Sideways: Depth-Parallel Training of Video Models
I will present our recent research on Sideways, an approximate backpropagation scheme for training video models. In standard backpropagation, the gradients and activations at every computation step through the model are temporally synchronized. The forward activations need to be stored until the backward pass is executed, preventing inter-layer (depth) parallelization. But is this required for smooth, redundant input streams like videos? Here, we explore an alternative: we overwrite network activations whenever new ones, i.e., from new frames, become available. This more gradual accumulation of information from both passes breaks the precise correspondence between gradients and activations, leading to theoretically more noisy weight updates.

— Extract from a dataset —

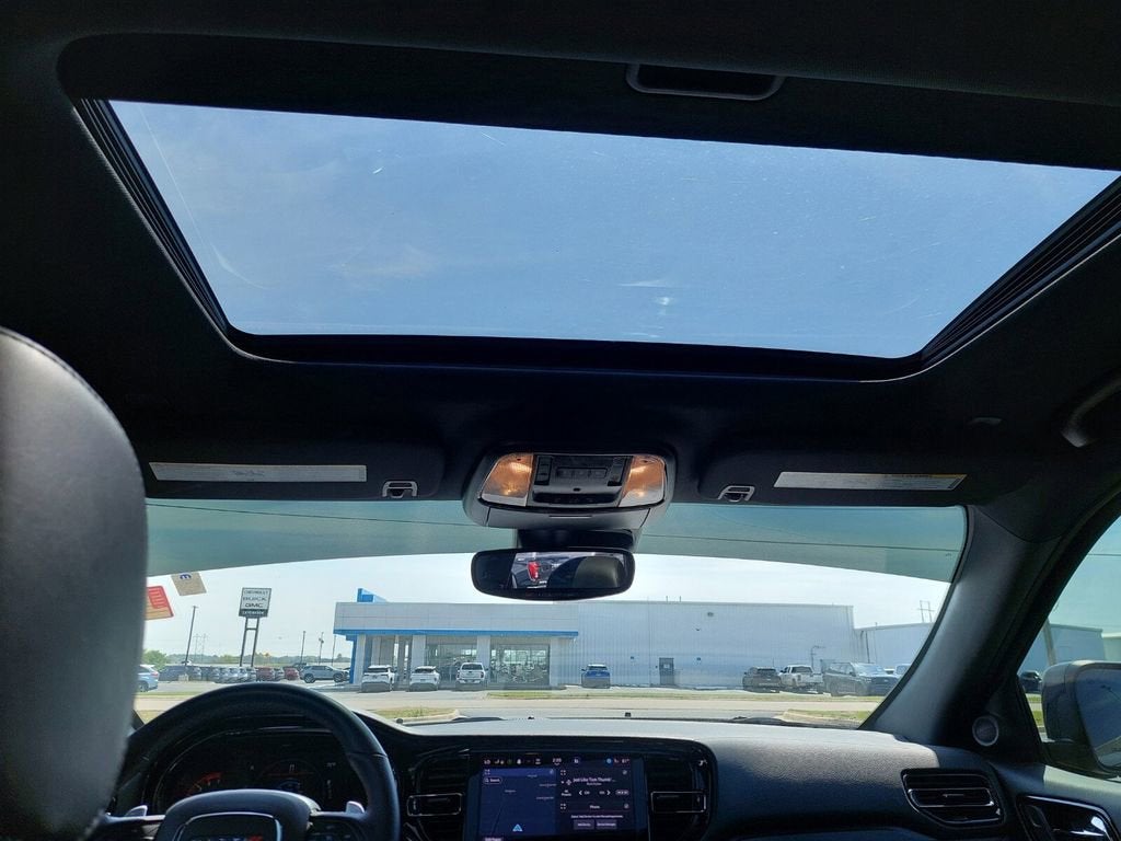 AWD, 115V Auxiliary Power Outlet, 2nd Row Fold/Tumble Captain Chairs, 2nd Row Mini Console w/Cupholders, 2nd Row Seat Mounted Inboard Armrests, 3.09 Rear Axle Ratio, 3rd Row Floor Mat & Mini Console, 3rd row seats: split-bench, 4-Wheel Disc Brakes, 6-Passenger Seating, 7 & 4 Pin Wiring Harness, 9 Speakers, ABS brakes, Adaptive Cruise Control w/Stop, Air Conditioning, Alloy wheels, AM/FM radio: SiriusXM w/360L, Apple CarPlay/Android Auto, Auto High Beam Headlamp Control, Auto-Dimming Exterior Driver Mirror, Auto-dimming Rear-View mirror, Auto-leveling suspension, Automatic temperature control, Black Roof Rails, Blacktop Package, Blind Spot w/Trailer Detection, Brake assist, Bumpers: body-color, Class IV Receiver Hitch, Cloth Bucket Seats w/Shift Insert, Compass, Delay-off headlights, Driver door bin, Driver vanity mirror, Dual front impact airbags, Dual front side impact airbags, Dual Remote USB Port - Charge Only, Electronic Stability Control, Emergency communication system: Dodge Connect, Exterior Mirrors w/Heating Element, Exterior Mirrors w/Memory, Exterior Mirrors w/Supplemental Signals, Floor Console w/Leather Armrest, Four wheel independent suspension, Front anti-roll bar, Front Bucket Seats, Front Center Armrest w/Storage, Front dual zone A/C, Front reading lights, Full Speed Forward Collision Warning Plus, Fully automatic headlights, Garage door transmitter, Gloss Black Badges, Gloss Black Exterior Mirrors, Heated door mirrors, Heated front seats, Heated Second Row Seats, Heated steering wheel, Illuminated entry, Integrated Roof Rail Crossbars, Knee airbag, Leather steering wheel, Leather Trimmed Bucket Seats, Leather Wrapped Door Panels, LED Auxiliary Low Beam & Turn Signal, Low tire pressure warning, Navigation System, Occupant sensing airbag, Outside temperature display, Overhead airbag, Overhead console, Panic alarm, ParkView Rear Back-Up Camera, Passenger door bin, Passenger vanity mirror, Power 6x9 Multi-Function Foldaway Mirrors, Power 8-Way Driver Memory 8-Way Passenger Seats, Power door mirrors, Power driver seat, Power Driver/Passenger 4-Way Lumbar Adjust, Power Liftgate, Power steering, Power Sunroof, Power Tilt & Telescopic Steering Column, Power windows, Quick Order Package 22T R/T Plus, Radio data system, Radio: Uconnect 5 Nav w/10.1 Display, Radio/Driver Seat/Mirrors Memory, Rain sensing wipers, Rear air conditioning, Rear anti-roll bar, Rear Load Leveling Suspension, Rear reading lights, Rear seat center armrest, Rear window defroster, Rear window wiper, Red Accent Stitching, Remote keyless entry, Satin Black Dodge Tail Lamp Badge, Security system, Speed control, Speed-sensing steering, Speed-Sensitive Wipers, Split folding rear seat, Spoiler, Sport steering wheel, Steering wheel mounted audio controls, Tachometer, Telescoping steering wheel, Tilt steering wheel, Traction control, Trailer Brake Control, Trip computer, Variably intermittent wipers, Ventilated Front Seats, Voltmeter, Wheels: 20 x 8.0 Black Noise Aluminum, Wheels: 20 x 8.0 Fine Silver, AWD.

Counter-intuitively, we show that Sideways training of deep convolutional video networks not only still converges, but can also exhibit better generalization compared to standard synchronized backprop, providing an unexpected regularization effect.
Bio
My research focus lies at the intersection of computer vision, natural language understanding, and reinforcement learning. Currently, I am interested in
1) exploring deep learning to learn semantics from multimodal sensory inputs,
2) grounding language in vision and actions,
3) transfer policies between training and test environments,
4) symbolic reasoning with Deep Reinforcement Learning,
5) temporal abstraction,
6) scalable learning.
My main work laid down foundations of visual-question-answering. I was also working on intuitive physics, zero-shot learning, text-to-image retrieval, and image classification.
Before DeepMind, I was a Ph.D. student in Computer Vision at Multimodal Computing group at the Max Planck Institute for Informatics and Saarland University. I have graduated with summa cum laude and was awarded Eduard-Martin-Preis for the outstanding doctoral dissertation. The research that I led or was a part of featured in Bloomberg Business, Wikipedia, New Scientist, and MIT Technology Review.